> **Data provided**:
-------------------------
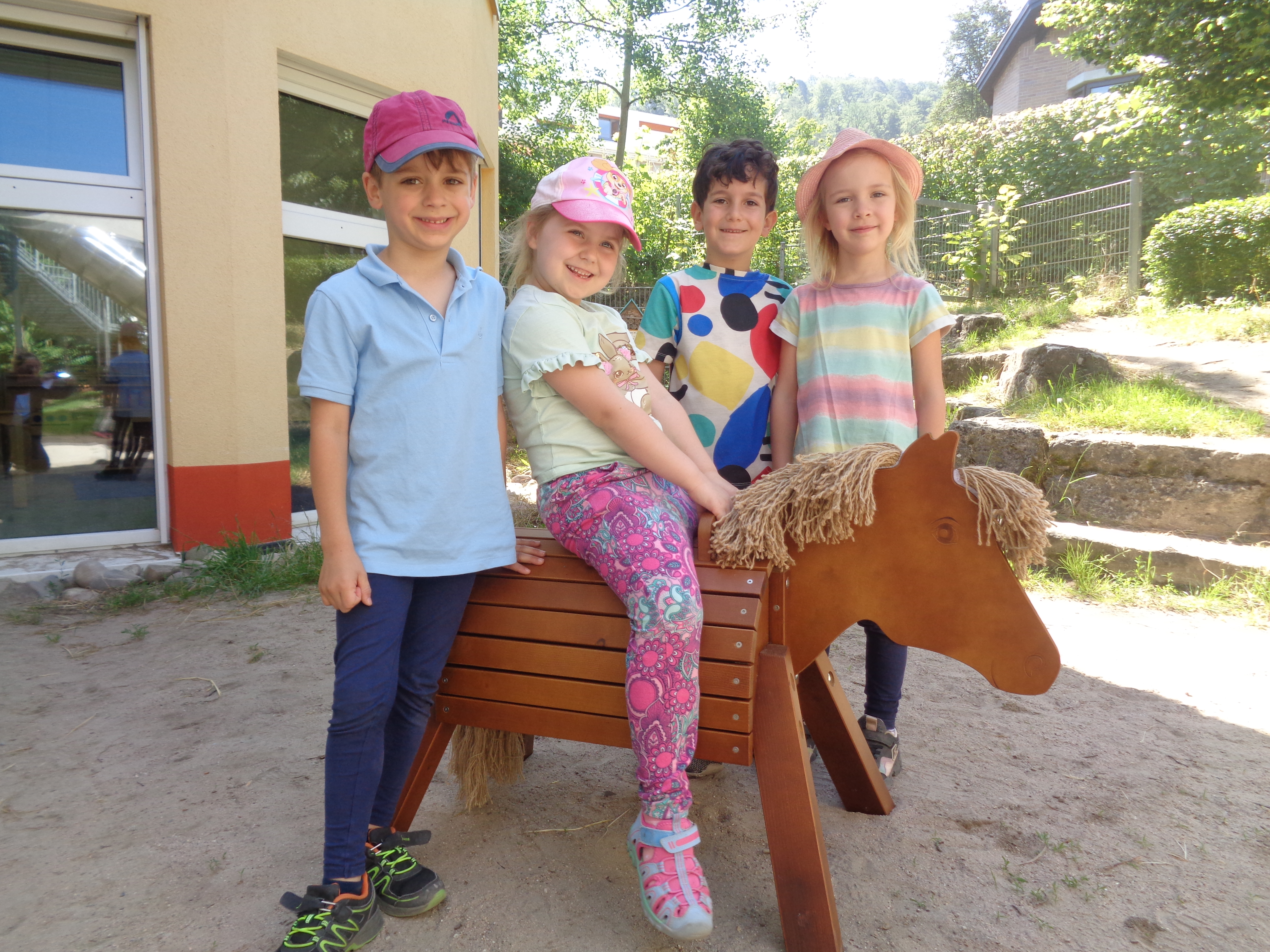 Mit dem Regionalen Förderprogramm werden Kindergärten und Kinderkrippen im Geschäftsgebiet der Volksbank Neckartal eG aus den Reinerträgen des Gewinnsparvereins e.V. unterstützt. Dadurch erhalten die Kindertageseinrichtungen des Geschäftsbezirks alle zwei Jahre eine Spende aus den Mitteln dieses Vereins. Dank dieser finanziellen Förderung in Höhe von 550,- Euro konnte heuer ein neues Spielgerät für das Außengelände der Kindertagesstätte Wiesenbacher Tal angeschafft werden: ein Outdoor-Pony. Dieses ist für die kleinen und großen Reiter stabil, sicher, robust und wetterfest und bietet Platz für bis zu zwei Kinder. Mit diesem Erwerb trägt die Volksbank Neckartal zur Bereicherung des Spiel- und Bewegungsangebotes im Außenbereich bei, wofür das Kollegium auch im Namen der Kinder herzlich dankt.
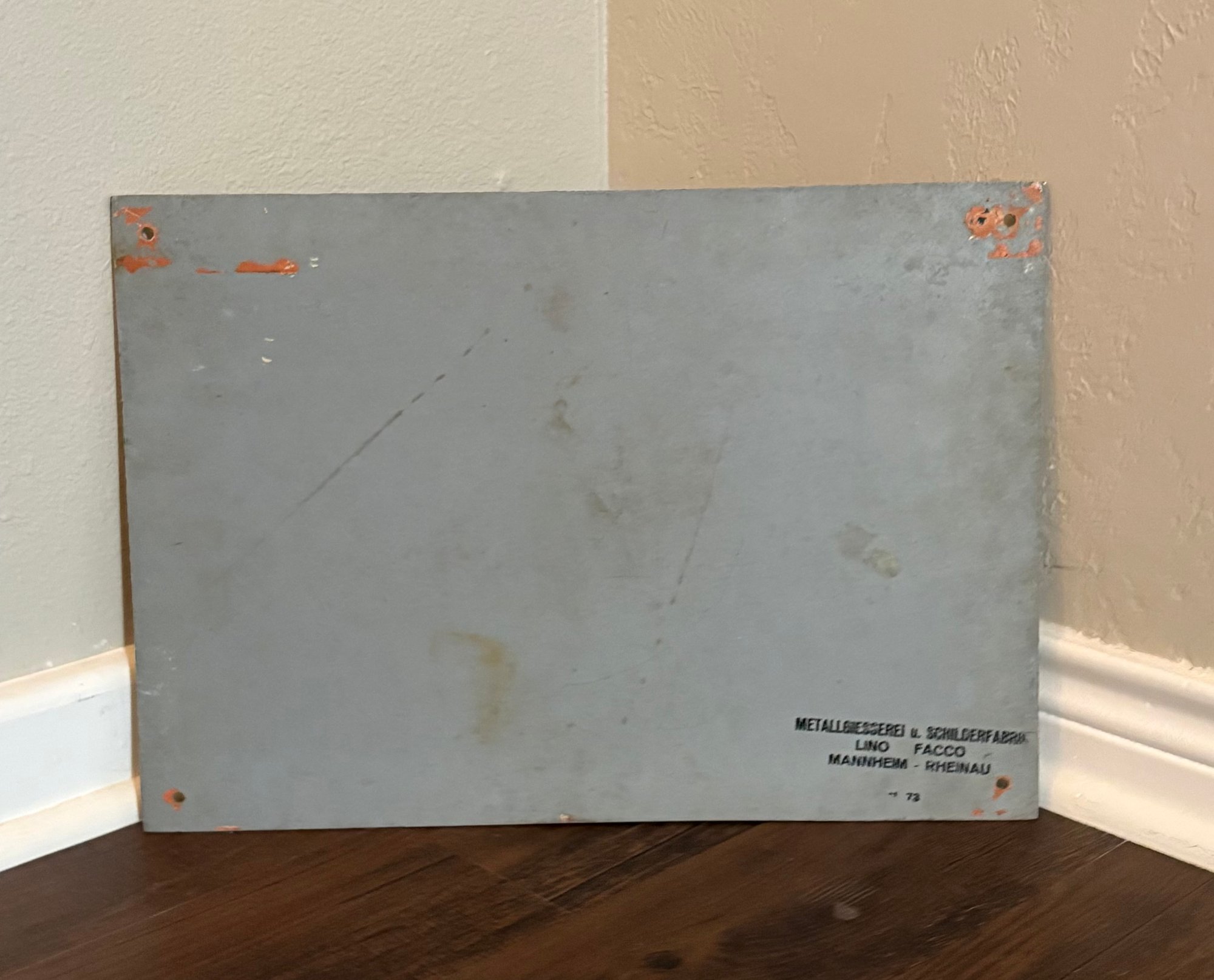 Vintage...manufactured in 1973 as noted at the signs reverse; sourced directly from the region of Rhineland-Palatinate, Germany.
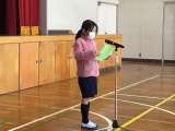 今朝は全校朝の会があり、3名がスピーチを行いました。 持久走記録会で1位を目...
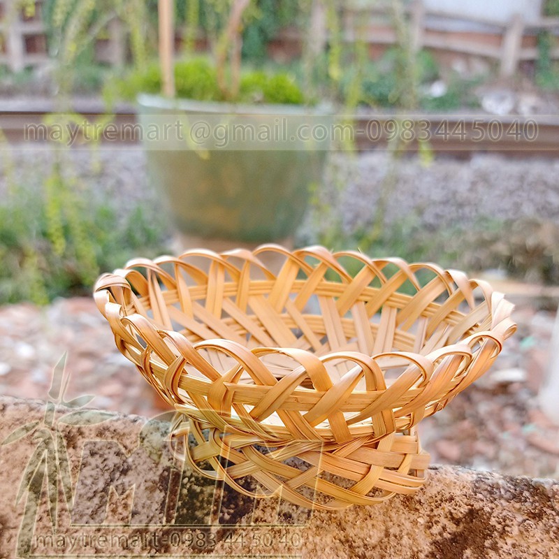 Sản phẩm được đan bằng tre tự nhiên.Đĩa nhỏ: R 8cm x D 11cm x cao 5cm.
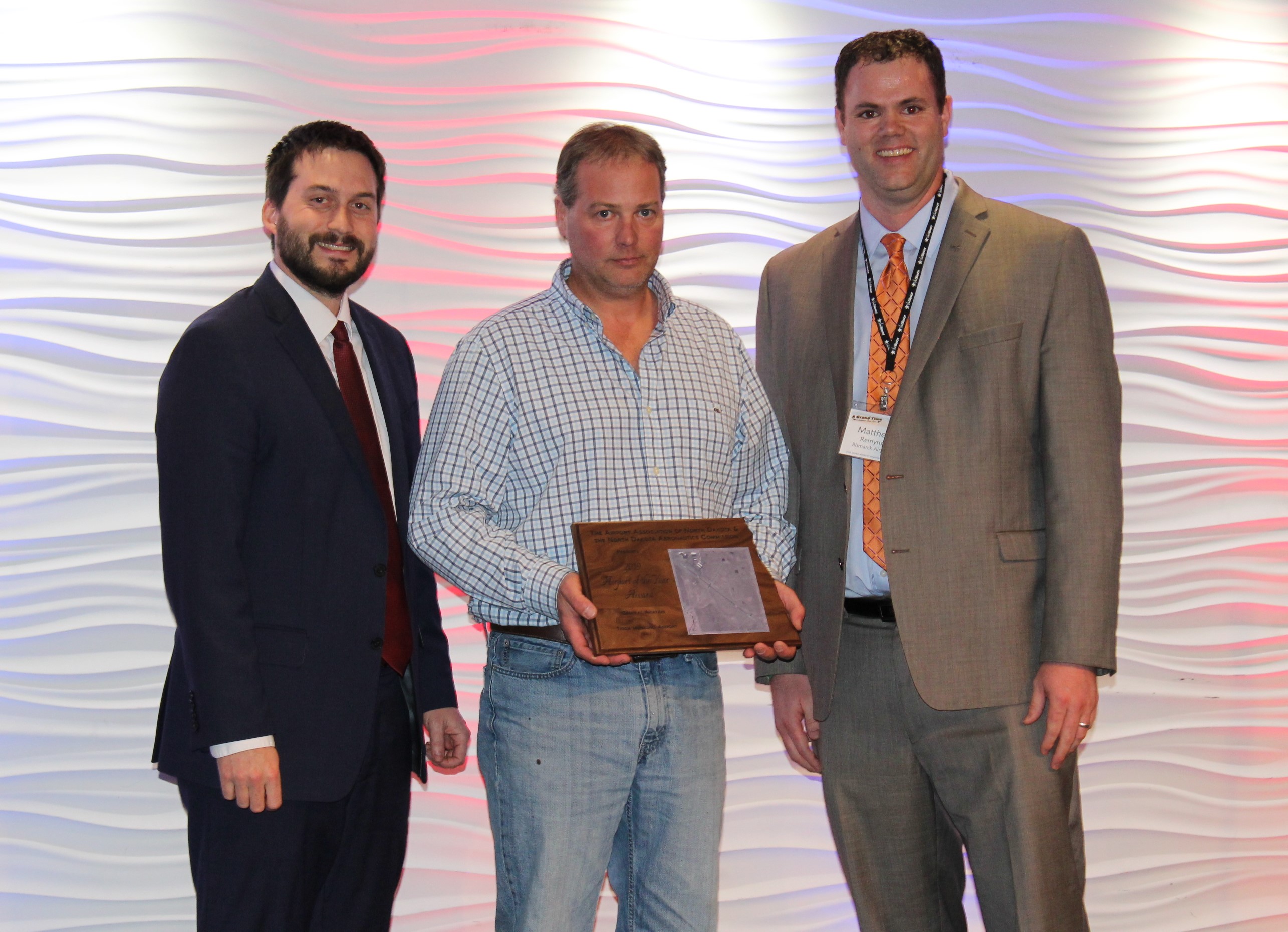 Tioga Award Photo - Left to Right: North Dakota Aeronautics Commission Executive Director - Kyle Wanner, Tioga Municipal Airport Authority Manager and Chairperson - Chris Norgaard, and Airport Association of North Dakota President - Matthew Remynse
-------------------------
> **Your objective**: Your task is to repeat the listing exactly while omitting its pictures.

> **Result**:
 Mit dem Regionalen Förderprogramm werden Kindergärten und Kinderkrippen im Geschäftsgebiet der Volksbank Neckartal eG aus den Reinerträgen des Gewinnsparvereins e.V. unterstützt. Dadurch erhalten die Kindertageseinrichtungen des Geschäftsbezirks alle zwei Jahre eine Spende aus den Mitteln dieses Vereins. Dank dieser finanziellen Förderung in Höhe von 550,- Euro konnte heuer ein neues Spielgerät für das Außengelände der Kindertagesstätte Wiesenbacher Tal angeschafft werden: ein Outdoor-Pony. Dieses ist für die kleinen und großen Reiter stabil, sicher, robust und wetterfest und bietet Platz für bis zu zwei Kinder. Mit diesem Erwerb trägt die Volksbank Neckartal zur Bereicherung des Spiel- und Bewegungsangebotes im Außenbereich bei, wofür das Kollegium auch im Namen der Kinder herzlich dankt.
 Vintage...manufactured in 1973 as noted at the signs reverse; sourced directly from the region of Rhineland-Palatinate, Germany.
 今朝は全校朝の会があり、3名がスピーチを行いました。 持久走記録会で1位を目...
 Sản phẩm được đan bằng tre tự nhiên.Đĩa nhỏ: R 8cm x D 11cm x cao 5cm.
 Tioga Award Photo - Left to Right: North Dakota Aeronautics Commission Executive Director - Kyle Wanner, Tioga Municipal Airport Authority Manager and Chairperson - Chris Norgaard, and Airport Association of North Dakota President - Matthew Remynse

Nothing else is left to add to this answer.